Excerpts from a dataset:
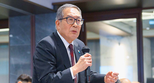 慶應義塾大学名誉教授・公益財団法人アパ日本再興財団理事の塩澤修平様は、「経済安全保障、特にエネルギーと食料について、日本政府としてどのような議論から始めるべきか?」と質問され、前原様は、「エネルギーについては、今後AIや電気自動車が普及し電力消費量が増える一方、カーボンニュートラルの目標も両立させるには、現実的には原子力の再稼働が大きな方策となる。私は石破氏、武見敬三氏と共に議員立法により海洋基本法を制定させ、海洋エネルギーを利用した発電の普及を目指しているが、現時点では原子力に比べわずかな発電能力である。食料についてはゲノム編集の安全性に確たるものはなく、まずは伸びしろのある北海道の食料自給率を高めることが現実的だと考えている。」と答えられました。
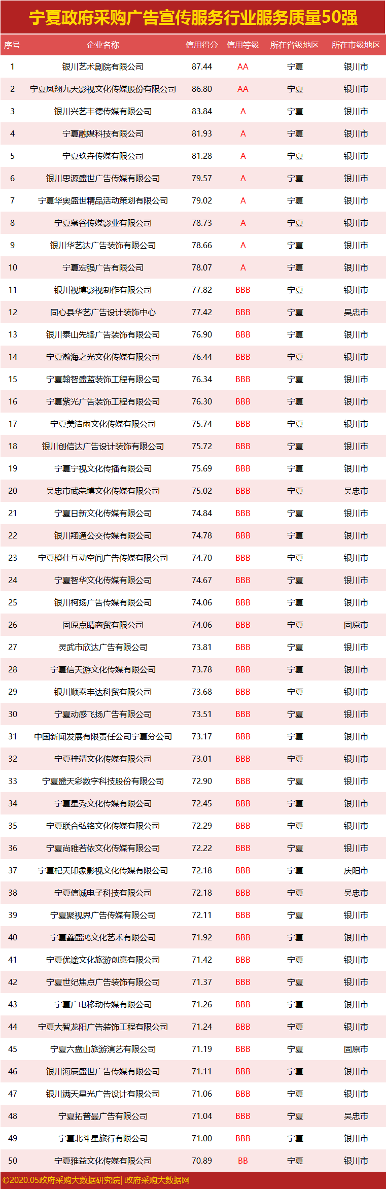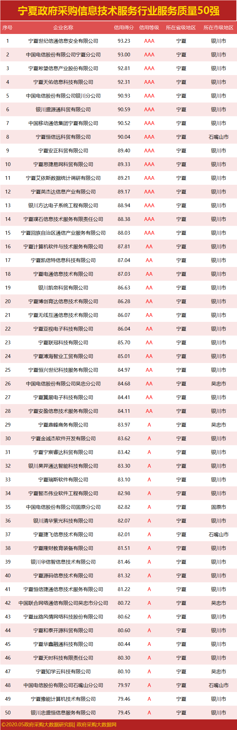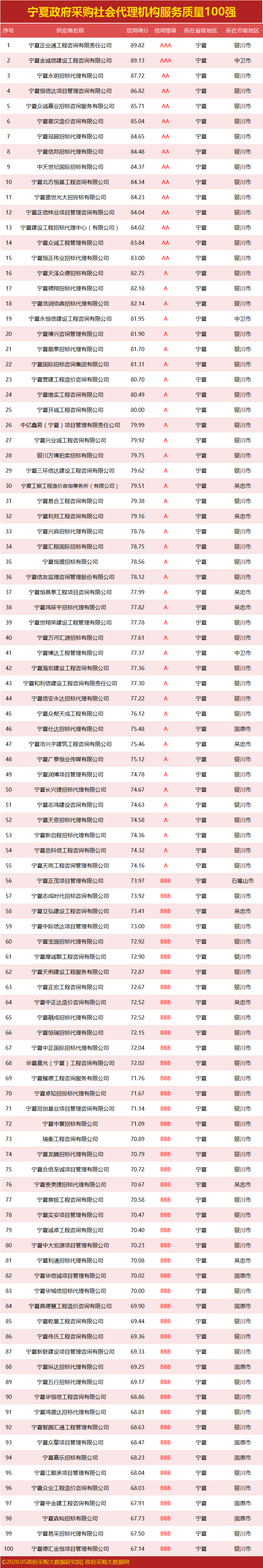 独家发布!宁夏政府采购代理机构服务质量100强&行业50强花落谁家?
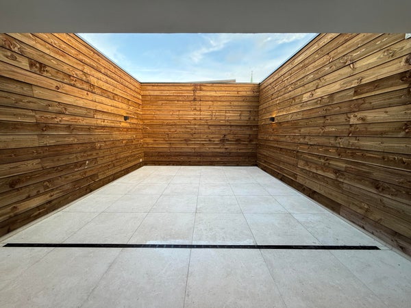 The patio is fully tiled and neatly finished with a wooden fence, allowing you to enjoy a peaceful outdoor space right in the middle of the city.
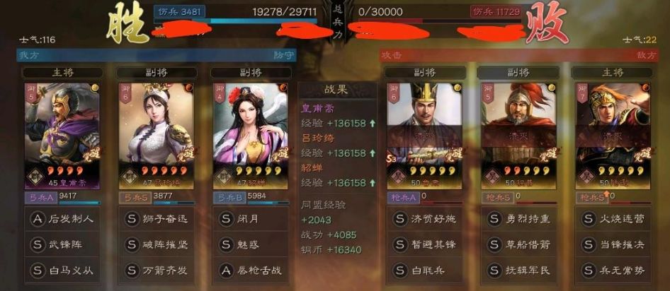 总结:对于平民玩家来说,这个队伍的门槛并不高,皇甫嵩基本上可以稳定满红,貂蝉也是稳定拿到的,吕玲绮这个武将也并不难抽,基本上到了PK赛季都能达到个2-3红的水平,剩下的战法获取难度一般,感兴趣的玩家可以组一套玩玩!
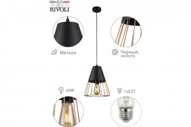 Технические характеристики Rivoli Kasimira P1 черный/золото 1хE27 60W 10/450 5050201 Б0047529
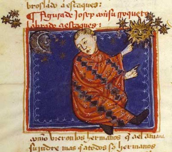 | Keywords: Alba Bible 49r.l.jpg en The second dream of Joseph who wears the coat his father gave him The caption written before the miniature was made reads 'Figura de Josep con su rroquete labrado a escaques' 'Picture of Joseph with his checked cloak' In this the first miniature of the Joseph cycle Joseph is seated in the middle of a square field one leg folded under him He is wearing a long orange robe with white flecks and silver checks The silvery moon to the left and the golden sun to the right have faces and are surrounded by golden stars both inside and outside the frame of the miniature Joseph's head is turned towards the moon and his body towards the sun He holds out one hand to the sun and points to the right with the other towards the first dream illustrated in the second text column 1422 http //www facsimile-editions com/en/ab/ The Alba Bible author PD-old-100 Alba Bible Uploaded with UploadWizard Joseph son of Jacob |
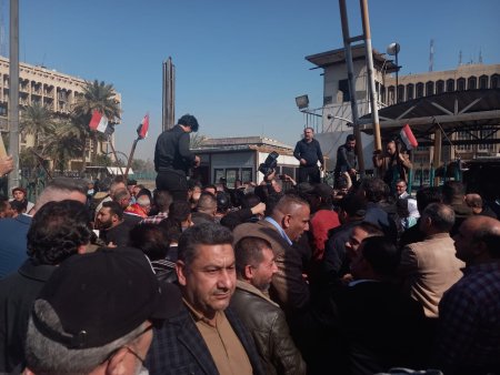 موظفو شبكة الإعلام يتظاهرون أمام أمانة بغداد للمطالبة بقطع أراضٍ

_Exercise details_
Pictures in the entries do not go into the copy. Print only the lines starting at the one containing "The patio is" and ending at the one containing "Технические характеристики Rivoli", exactly as they appear.

_Task answer_
 The patio is fully tiled and neatly finished with a wooden fence, allowing you to enjoy a peaceful outdoor space right in the middle of the city.
 总结:对于平民玩家来说,这个队伍的门槛并不高,皇甫嵩基本上可以稳定满红,貂蝉也是稳定拿到的,吕玲绮这个武将也并不难抽,基本上到了PK赛季都能达到个2-3红的水平,剩下的战法获取难度一般,感兴趣的玩家可以组一套玩玩!
 Технические характеристики Rivoli Kasimira P1 черный/золото 1хE27 60W 10/450 5050201 Б0047529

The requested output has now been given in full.